TASK DIRECTIONS:
Exactly as written, copy the lines of the data below from the first through the one containing "of a WDH. KB".

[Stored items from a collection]
========

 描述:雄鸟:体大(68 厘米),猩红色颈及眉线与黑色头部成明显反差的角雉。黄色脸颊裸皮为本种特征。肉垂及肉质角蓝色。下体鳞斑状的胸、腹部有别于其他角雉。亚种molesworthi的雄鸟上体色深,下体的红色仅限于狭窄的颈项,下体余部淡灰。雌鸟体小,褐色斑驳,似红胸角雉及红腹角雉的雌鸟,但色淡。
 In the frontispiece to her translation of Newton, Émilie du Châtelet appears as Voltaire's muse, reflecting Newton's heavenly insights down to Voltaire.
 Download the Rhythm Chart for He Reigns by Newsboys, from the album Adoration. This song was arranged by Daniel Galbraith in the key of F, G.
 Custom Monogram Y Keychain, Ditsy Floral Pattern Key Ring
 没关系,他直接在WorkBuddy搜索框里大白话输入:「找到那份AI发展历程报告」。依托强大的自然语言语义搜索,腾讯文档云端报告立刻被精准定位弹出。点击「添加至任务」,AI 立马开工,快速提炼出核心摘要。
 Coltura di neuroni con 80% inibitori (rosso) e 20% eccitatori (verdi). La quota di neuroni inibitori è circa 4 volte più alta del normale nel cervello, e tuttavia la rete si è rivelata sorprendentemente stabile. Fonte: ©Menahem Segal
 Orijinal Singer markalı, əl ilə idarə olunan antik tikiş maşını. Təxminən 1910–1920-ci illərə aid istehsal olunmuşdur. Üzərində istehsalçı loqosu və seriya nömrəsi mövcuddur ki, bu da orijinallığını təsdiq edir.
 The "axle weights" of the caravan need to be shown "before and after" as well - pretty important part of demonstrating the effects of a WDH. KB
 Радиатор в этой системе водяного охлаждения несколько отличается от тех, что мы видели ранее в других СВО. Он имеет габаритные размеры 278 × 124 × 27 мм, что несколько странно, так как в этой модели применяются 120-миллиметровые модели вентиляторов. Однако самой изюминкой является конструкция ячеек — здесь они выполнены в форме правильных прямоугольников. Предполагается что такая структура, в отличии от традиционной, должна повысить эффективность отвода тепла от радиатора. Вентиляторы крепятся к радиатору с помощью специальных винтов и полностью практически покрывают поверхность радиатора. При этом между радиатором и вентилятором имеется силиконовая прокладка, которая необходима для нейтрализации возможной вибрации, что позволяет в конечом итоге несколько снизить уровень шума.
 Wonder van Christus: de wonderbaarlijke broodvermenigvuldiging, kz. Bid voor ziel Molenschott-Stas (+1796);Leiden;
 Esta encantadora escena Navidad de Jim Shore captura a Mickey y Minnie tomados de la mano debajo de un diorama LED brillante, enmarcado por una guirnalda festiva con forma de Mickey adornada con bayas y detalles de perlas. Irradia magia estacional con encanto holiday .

========

ANSWER SPACE:
 描述:雄鸟:体大(68 厘米),猩红色颈及眉线与黑色头部成明显反差的角雉。黄色脸颊裸皮为本种特征。肉垂及肉质角蓝色。下体鳞斑状的胸、腹部有别于其他角雉。亚种molesworthi的雄鸟上体色深,下体的红色仅限于狭窄的颈项,下体余部淡灰。雌鸟体小,褐色斑驳,似红胸角雉及红腹角雉的雌鸟,但色淡。
 In the frontispiece to her translation of Newton, Émilie du Châtelet appears as Voltaire's muse, reflecting Newton's heavenly insights down to Voltaire.
 Download the Rhythm Chart for He Reigns by Newsboys, from the album Adoration. This song was arranged by Daniel Galbraith in the key of F, G.
 Custom Monogram Y Keychain, Ditsy Floral Pattern Key Ring
 没关系,他直接在WorkBuddy搜索框里大白话输入:「找到那份AI发展历程报告」。依托强大的自然语言语义搜索,腾讯文档云端报告立刻被精准定位弹出。点击「添加至任务」,AI 立马开工,快速提炼出核心摘要。
 Coltura di neuroni con 80% inibitori (rosso) e 20% eccitatori (verdi). La quota di neuroni inibitori è circa 4 volte più alta del normale nel cervello, e tuttavia la rete si è rivelata sorprendentemente stabile. Fonte: ©Menahem Segal
 Orijinal Singer markalı, əl ilə idarə olunan antik tikiş maşını. Təxminən 1910–1920-ci illərə aid istehsal olunmuşdur. Üzərində istehsalçı loqosu və seriya nömrəsi mövcuddur ki, bu da orijinallığını təsdiq edir.
 The "axle weights" of the caravan need to be shown "before and after" as well - pretty important part of demonstrating the effects of a WDH. KB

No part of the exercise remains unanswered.